EXERCISE DIRECTIONS:
Copy out exactly, from the entries that follow, the line holding "座談結(jié)束后,校專程", the line holding "A tábori tűzrakóhely", and all lines between them, but no pictures.

DATA EXTRACTS:

--------

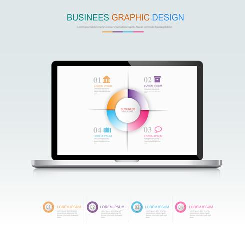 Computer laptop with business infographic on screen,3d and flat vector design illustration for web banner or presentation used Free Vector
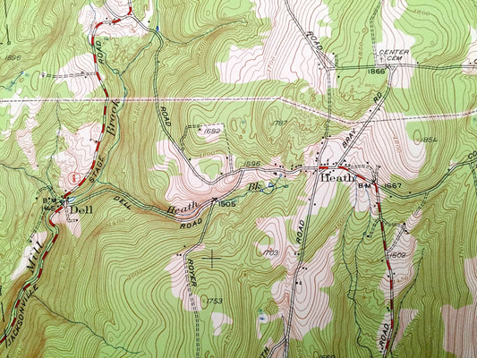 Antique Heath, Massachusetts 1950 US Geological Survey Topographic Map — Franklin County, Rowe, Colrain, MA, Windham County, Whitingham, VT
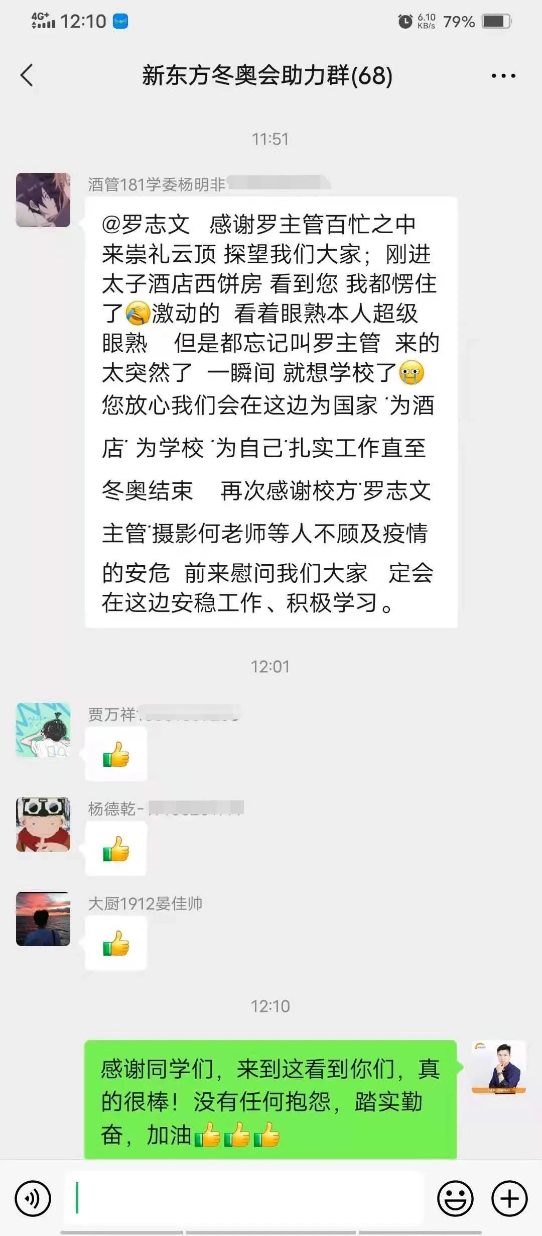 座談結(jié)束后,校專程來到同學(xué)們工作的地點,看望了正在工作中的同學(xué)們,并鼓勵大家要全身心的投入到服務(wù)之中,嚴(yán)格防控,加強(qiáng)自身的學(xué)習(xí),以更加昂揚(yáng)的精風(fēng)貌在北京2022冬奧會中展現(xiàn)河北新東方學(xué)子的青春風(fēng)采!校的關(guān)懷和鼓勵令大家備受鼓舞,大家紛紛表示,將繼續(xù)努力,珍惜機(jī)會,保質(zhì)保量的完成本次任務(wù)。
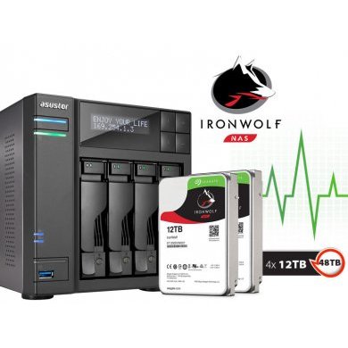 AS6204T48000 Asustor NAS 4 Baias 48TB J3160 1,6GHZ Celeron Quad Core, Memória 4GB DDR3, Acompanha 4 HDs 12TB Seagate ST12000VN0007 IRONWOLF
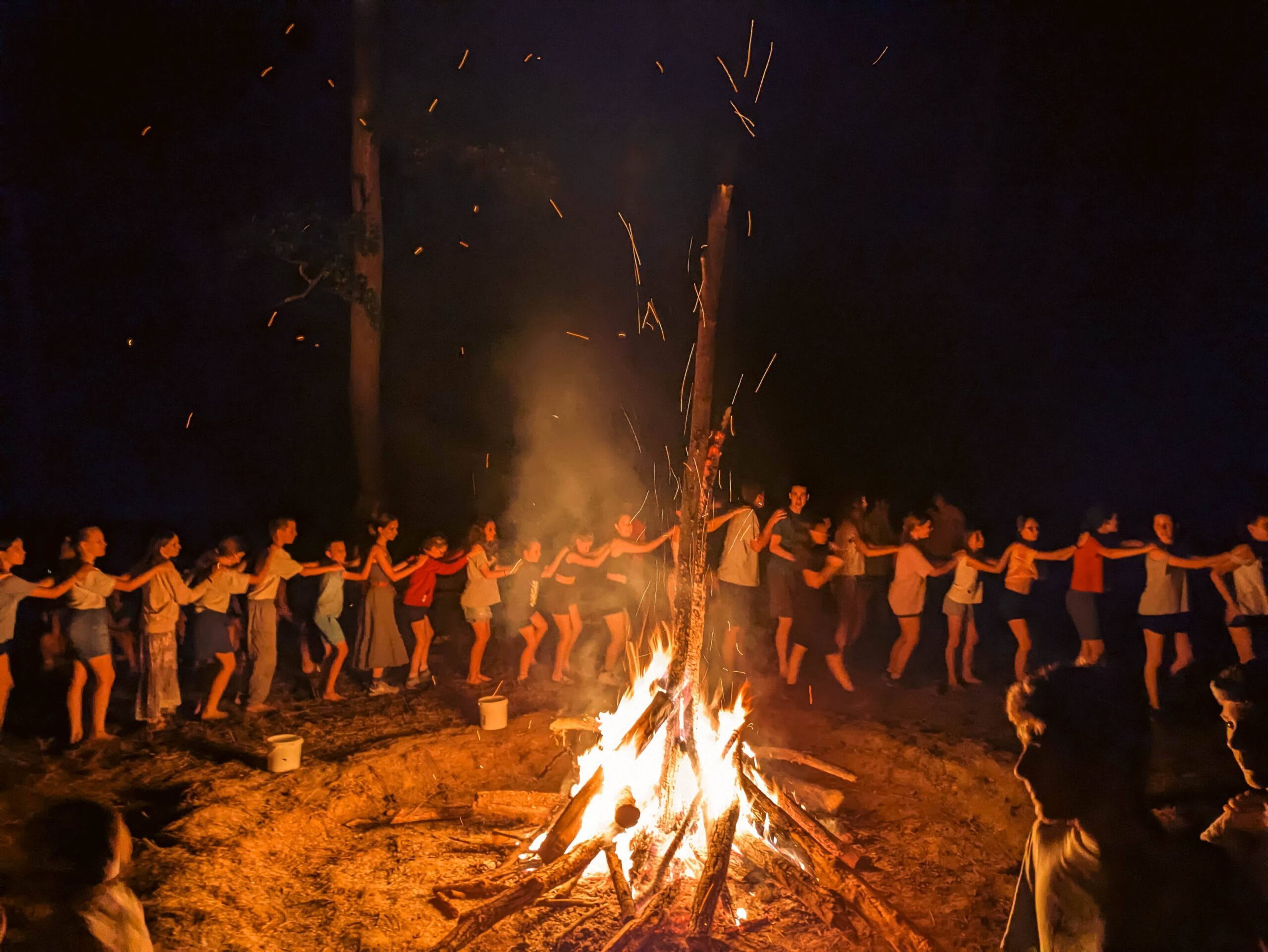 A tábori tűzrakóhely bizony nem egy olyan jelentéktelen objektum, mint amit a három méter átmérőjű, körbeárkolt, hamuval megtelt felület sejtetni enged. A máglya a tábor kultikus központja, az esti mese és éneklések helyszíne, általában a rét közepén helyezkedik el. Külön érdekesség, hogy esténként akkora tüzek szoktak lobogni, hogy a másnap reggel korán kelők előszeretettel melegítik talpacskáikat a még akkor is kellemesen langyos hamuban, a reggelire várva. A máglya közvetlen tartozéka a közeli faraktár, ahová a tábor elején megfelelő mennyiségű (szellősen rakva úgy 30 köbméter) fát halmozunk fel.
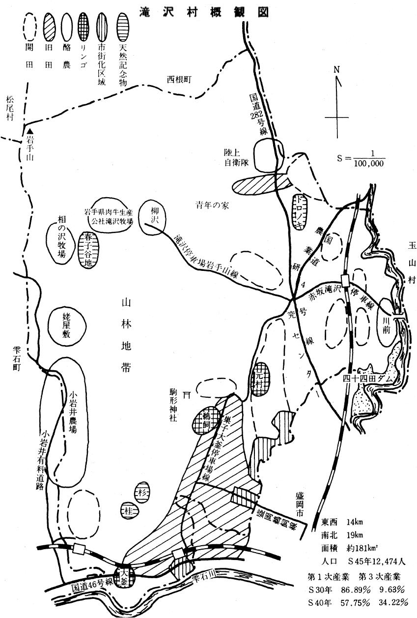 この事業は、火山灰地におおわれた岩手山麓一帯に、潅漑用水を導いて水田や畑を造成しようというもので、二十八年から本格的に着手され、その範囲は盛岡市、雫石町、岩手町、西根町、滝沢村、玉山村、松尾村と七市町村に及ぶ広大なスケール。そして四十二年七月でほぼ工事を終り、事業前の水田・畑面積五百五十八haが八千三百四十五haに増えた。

--------

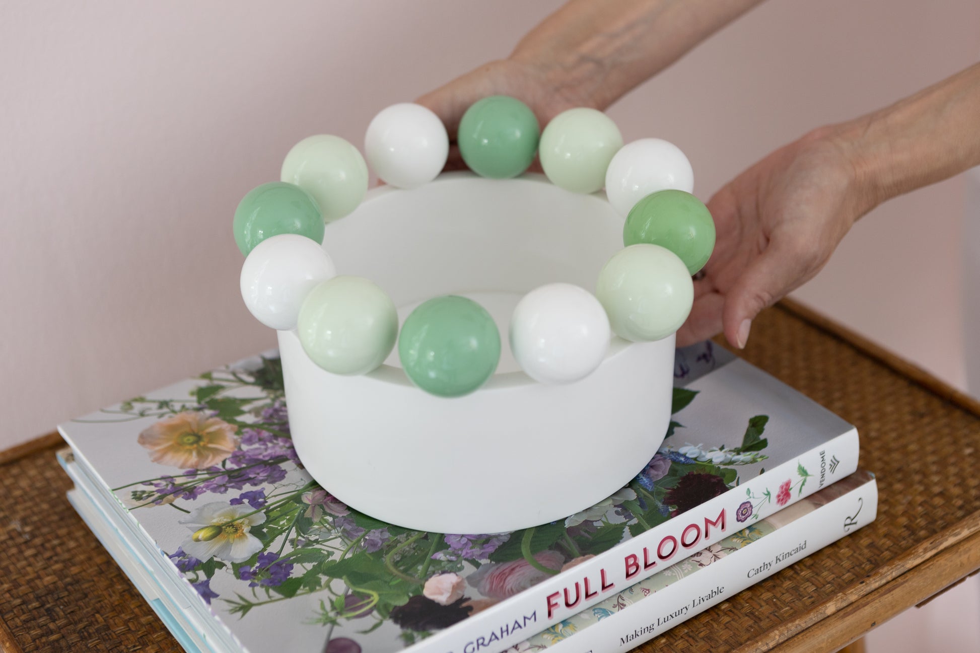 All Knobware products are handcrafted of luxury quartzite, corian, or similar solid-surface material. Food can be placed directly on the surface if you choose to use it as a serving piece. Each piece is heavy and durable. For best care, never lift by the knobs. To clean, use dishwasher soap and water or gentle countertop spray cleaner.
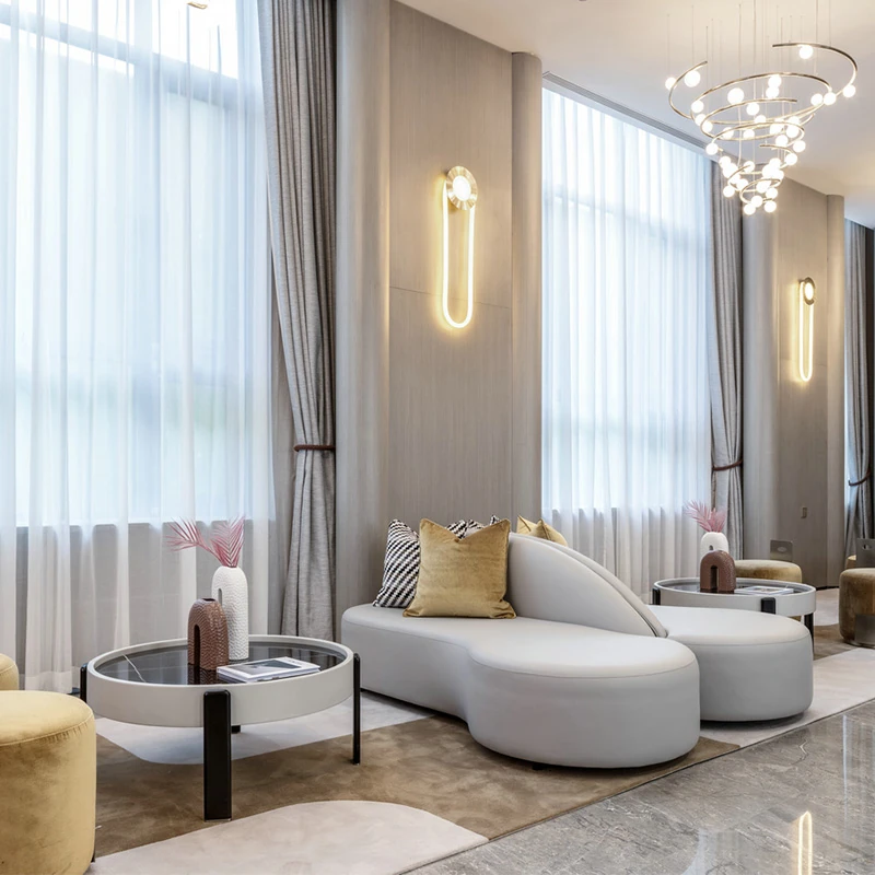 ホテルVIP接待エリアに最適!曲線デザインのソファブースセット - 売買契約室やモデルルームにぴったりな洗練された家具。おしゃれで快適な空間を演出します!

--------

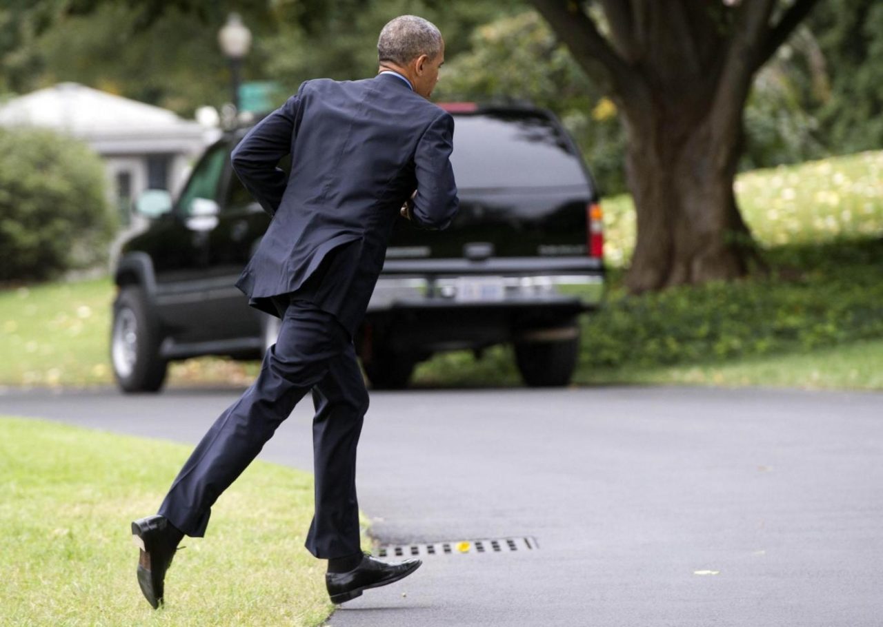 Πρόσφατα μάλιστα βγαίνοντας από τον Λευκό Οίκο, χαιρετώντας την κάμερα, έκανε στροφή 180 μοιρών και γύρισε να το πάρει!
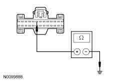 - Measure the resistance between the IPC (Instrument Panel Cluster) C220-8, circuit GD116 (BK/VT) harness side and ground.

--------

EXERCISE OUTPUT:
 座談結(jié)束后,校專程來到同學(xué)們工作的地點,看望了正在工作中的同學(xué)們,并鼓勵大家要全身心的投入到服務(wù)之中,嚴(yán)格防控,加強(qiáng)自身的學(xué)習(xí),以更加昂揚(yáng)的精風(fēng)貌在北京2022冬奧會中展現(xiàn)河北新東方學(xué)子的青春風(fēng)采!校的關(guān)懷和鼓勵令大家備受鼓舞,大家紛紛表示,將繼續(xù)努力,珍惜機(jī)會,保質(zhì)保量的完成本次任務(wù)。
 AS6204T48000 Asustor NAS 4 Baias 48TB J3160 1,6GHZ Celeron Quad Core, Memória 4GB DDR3, Acompanha 4 HDs 12TB Seagate ST12000VN0007 IRONWOLF
 A tábori tűzrakóhely bizony nem egy olyan jelentéktelen objektum, mint amit a három méter átmérőjű, körbeárkolt, hamuval megtelt felület sejtetni enged. A máglya a tábor kultikus központja, az esti mese és éneklések helyszíne, általában a rét közepén helyezkedik el. Külön érdekesség, hogy esténként akkora tüzek szoktak lobogni, hogy a másnap reggel korán kelők előszeretettel melegítik talpacskáikat a még akkor is kellemesen langyos hamuban, a reggelire várva. A máglya közvetlen tartozéka a közeli faraktár, ahová a tábor elején megfelelő mennyiségű (szellősen rakva úgy 30 köbméter) fát halmozunk fel.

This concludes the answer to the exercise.